# Forum > News > Community Chat > Anime >  Pokémon 17th Movie Special: Pikachu, What Kinds of Keys are These? (Review)

## TheDanishGuy

I decided to watch this short focusing on Ash and the gang’s pet monsters on a nostalgic whim, and I must say, it’s in many ways exactly the same as the ones I remember.

We open on the gang telling their Pokémon to go play, like so many times before, with Bonnie saying that Dendenne shouldn’t run away. Dendenne, being the Togepi of this generation, proceeds to do exactly that, stealing a key from an old basement, which turns out to belong to a Klefki. Klefki is a species of Pokémon which collects keys the same way I collect comic books: In piles and with no sense of order or quality.
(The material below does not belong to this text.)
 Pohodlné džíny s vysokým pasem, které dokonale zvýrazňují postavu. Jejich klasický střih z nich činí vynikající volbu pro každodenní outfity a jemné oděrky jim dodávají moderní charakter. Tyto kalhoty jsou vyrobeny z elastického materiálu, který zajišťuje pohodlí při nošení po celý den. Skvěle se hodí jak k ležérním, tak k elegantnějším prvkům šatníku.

Klefki thanks them the only way it knows how: Inter-dimensional FREAKIN’ travel!

The narrator pops up to tell us that the Kirby-like place we’ve entered is Klefki’s home world, which has a veritable mountain of keys which all fit into portals scattered around the place.
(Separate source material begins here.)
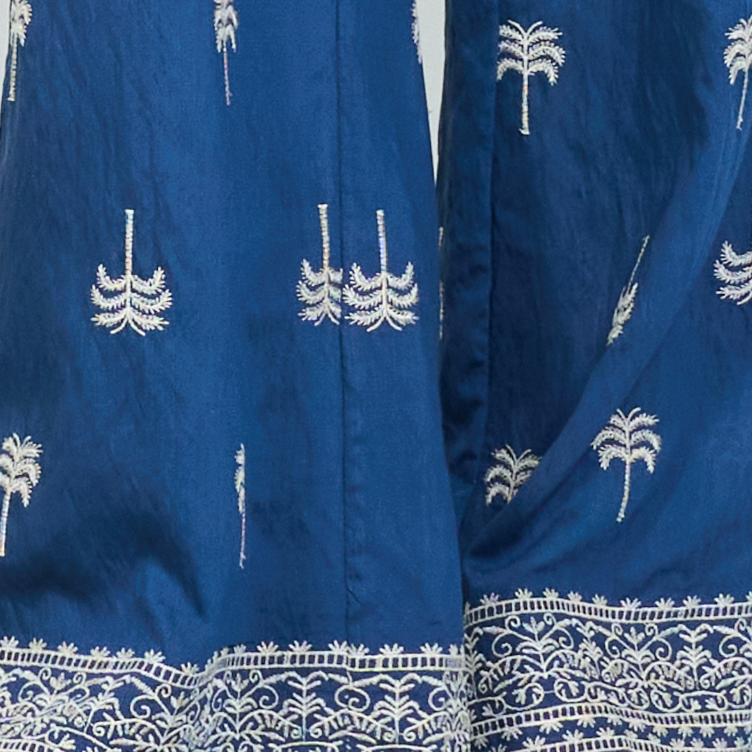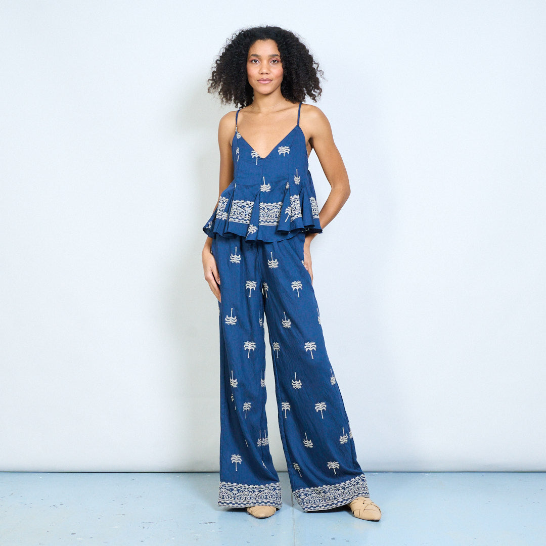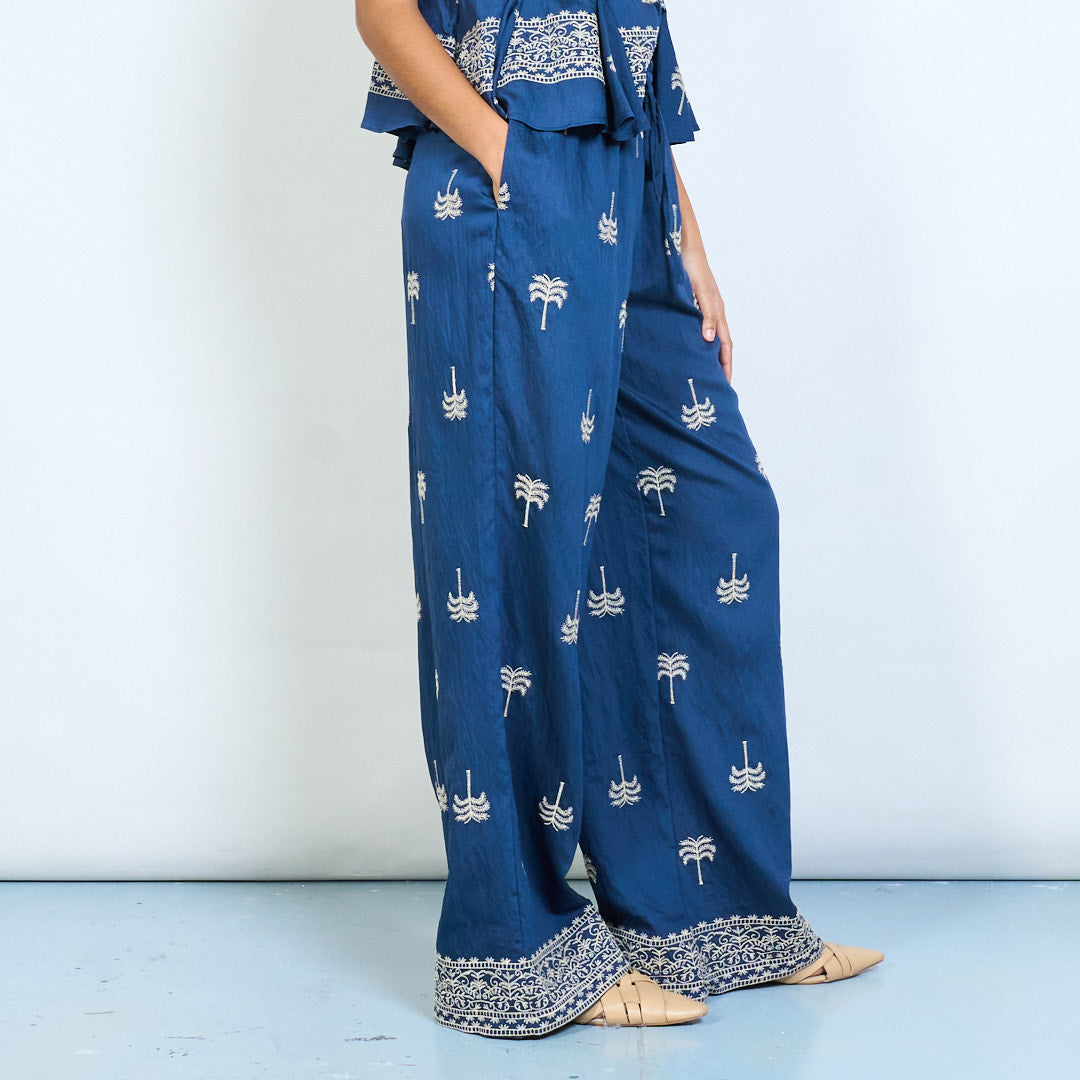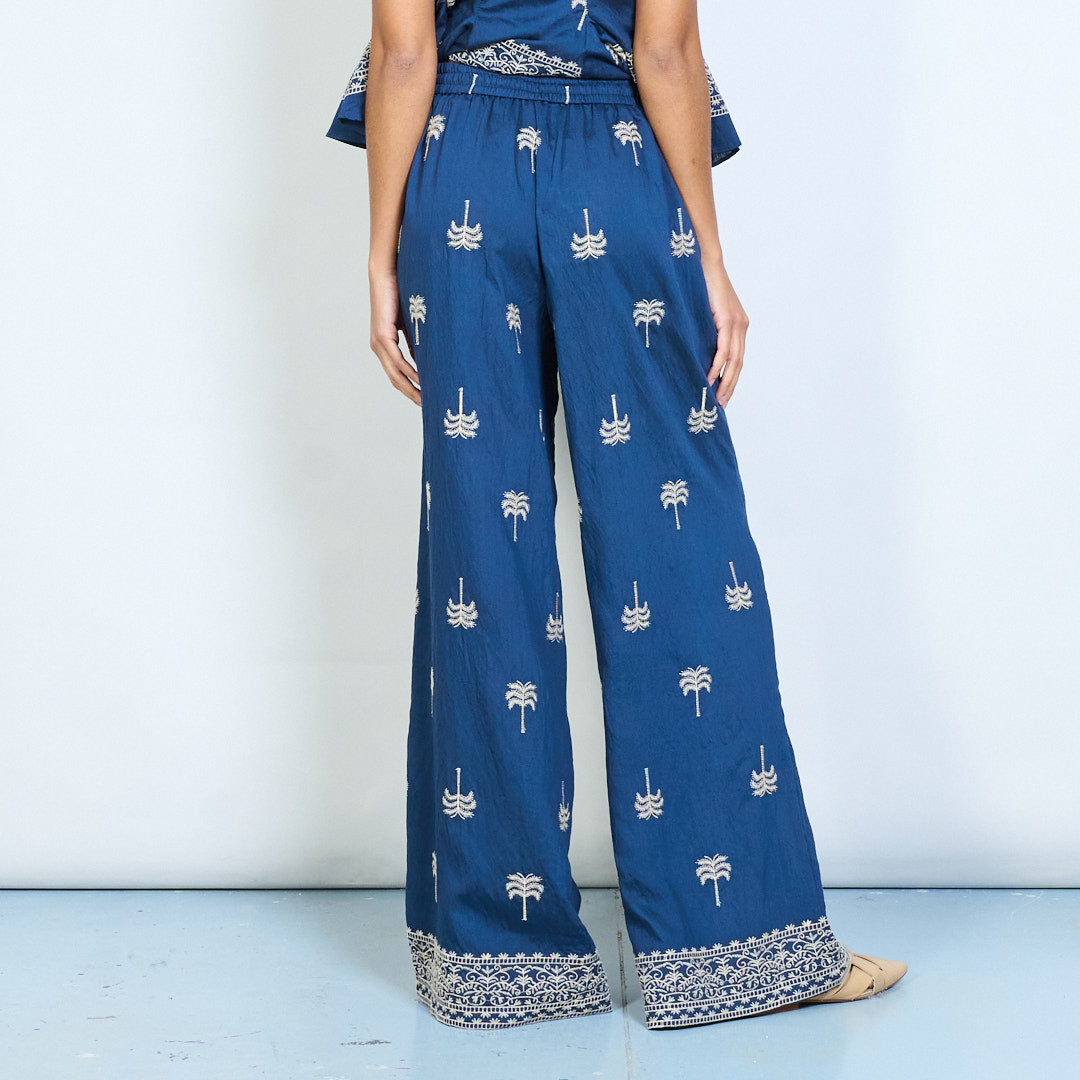 - Wide leg trousers featuring embroidered palm tree motifs for a relaxed tropical inspired look

That will be the only time she doesn’t go “It’s THAT Pokémon!” Enjoy it.

Meowth doesn’t fare much better in this special. He and the Rocket Gang’s Pokés will be played today by Terrance and Phillip, in that they hop into the portal to search for treasure.
Immediately sent into this new world, he sees the giant mound of keys Klefki has amassed, and exclaims “That’s a lot of keys!” Thanks, I really needed to be reminded of the American Godzilla movie while chilling with cutesy Pokémon.
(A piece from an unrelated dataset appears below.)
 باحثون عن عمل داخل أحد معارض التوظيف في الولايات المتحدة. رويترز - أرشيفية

And speaking of cutesy, Pikachu and his posse go from dimension to dimension to have fun, eventually ticking off a big dinosaur-like Pokémon and it’s gang. And if you’ve seen any of the other specials, you know where this is going: They fight, chase, but eventually help the big, scary Pokés out of a bind and become friends.

This is a lot like the plots of the previous specials, which tickles my nostalgia bone, and unique enough to not feel rehashed.

Meowth, on the other hand, is failing miserably at finding treasure. His gang keep unlocking portals and getting hilariously beat up in the process. At one point, Meowth tries one of the keys and unlocks the Nightmare Dimension, nearly getting munched in the face by a Darkrai.

Pikachu’s gang gets the last part of the dilemma: Klefki discovers that the portals are slowly closing, so they have to hurry back. Of course, there’s a problem in getting there, and all the formerly bad Pokémon chip in to send them to the portal. 
Safely home, they say goodbye, and I’m reminded here that Ikue Otani, Pikachu’s Seiyuu (Japanese for Voice Actor) must have the job security of a Japanese Hugh Jackman. No X-Men without Hugh, no Pokémon without Ikue.
They say their goodbyes to Klefki and thank it for the day. Meowth and the good guys head to their separate dinners and it all ends on a cute little ditty sung over what appears to be pretty pictures drawn by fans.

*Final score: 5/10

*

*Final Thoughts:* This is a solid little piece for small kids, but adults, especially people who grew up with Pokémon and its specials, will probably find it a little too much like the previous ones.
But if you can look past them going through a plot that’s been done before, and a narrator who won’t stop narrating the names of Pokémons you should already be familiar with, it’s a good 20 minutes to spend in the company of some old friends.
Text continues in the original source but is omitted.